I think I was dead to them,” she said with a smile.
Then her look turned serious again. “But they were always in some mess every time we spoke.”
He considered her. “You’ve been on your own since you were sixteen, and came out on the other side a wonderful young lady. That’s impressive, Jayda.”
Jayda looked at him. Nobody had ever given her a compliment like that before. “Thank you.”
He smiled and pulled her closer against him. “What about now,” he asked her. “Is it a better life now?”
She had to think about that. “It’s a different life. That’s for sure. The jury’s still out on better.”
She and Harrison glanced at each other, as if they both understood what she meant, and then his phone rang again. He looked at the Caller ID and turned it back over quickly again, without answering it. “Sorry about that,” he said.
“Who keeps calling you?” Jayda decided to ask. That same Marilyn person ? she wanted to add. “Who’s blowing up your phone like that?” she added instead.

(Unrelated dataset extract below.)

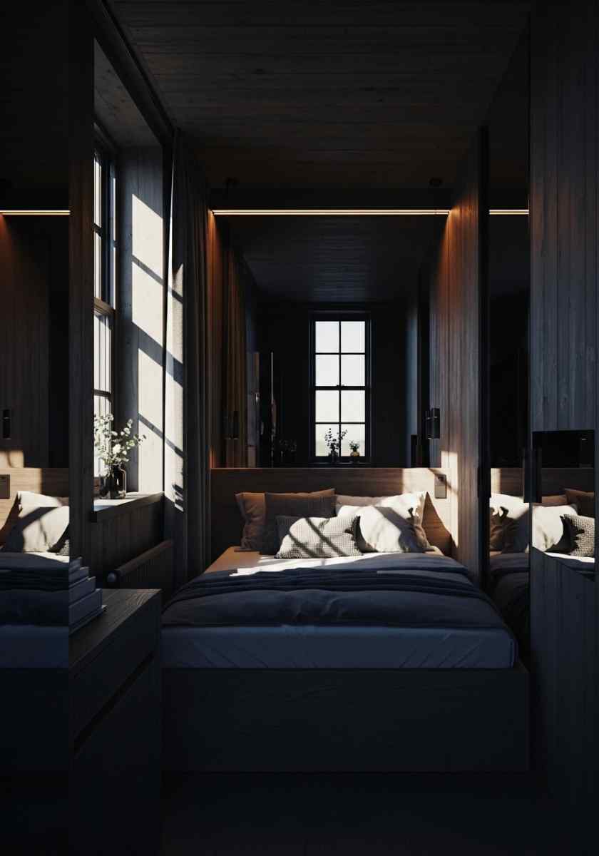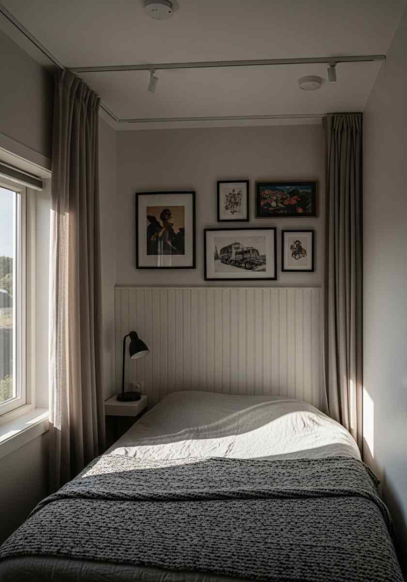 Use black metal frames and a linear sconce for clear lines. A linen blackout shade keeps mornings controlled.

“I stopped by the office for a last-minute meeting a Canadian group requested. And then I got the message and came here. Now I’m late for a date,” he said before he realized he had let it slip. Or was it a slip? He looked at Jayda.
Jayda was astounded that he would have a date after what they did last night, but she realized she shouldn’t have been astounded at all.
She was nothing more than a business proposition to him.
A piece of meat just like Kenny said. “You don’t have to stay around here,” she said to him, trying hard not to show her true feelings.
“Thank you for coming, but I’m okay. You can go on your date now. ”
He could hear her saying the words, but he could see that her eyes weren’t saying the same thing. “I’m not going anywhere,” he said to her.
But then a depressed look appeared in her eyes that bordered on sadness.
And she laid back on the bed with her feet clinging down off the bed.
He looked back at her. She had all ten of her fingers together in a tent formation and seemed as if she was inwardly holding a heavy conversation with herself.
She looked so young and so beautiful and so innocent to Harrison.
His heart was just aching to be with her. But why? Why ???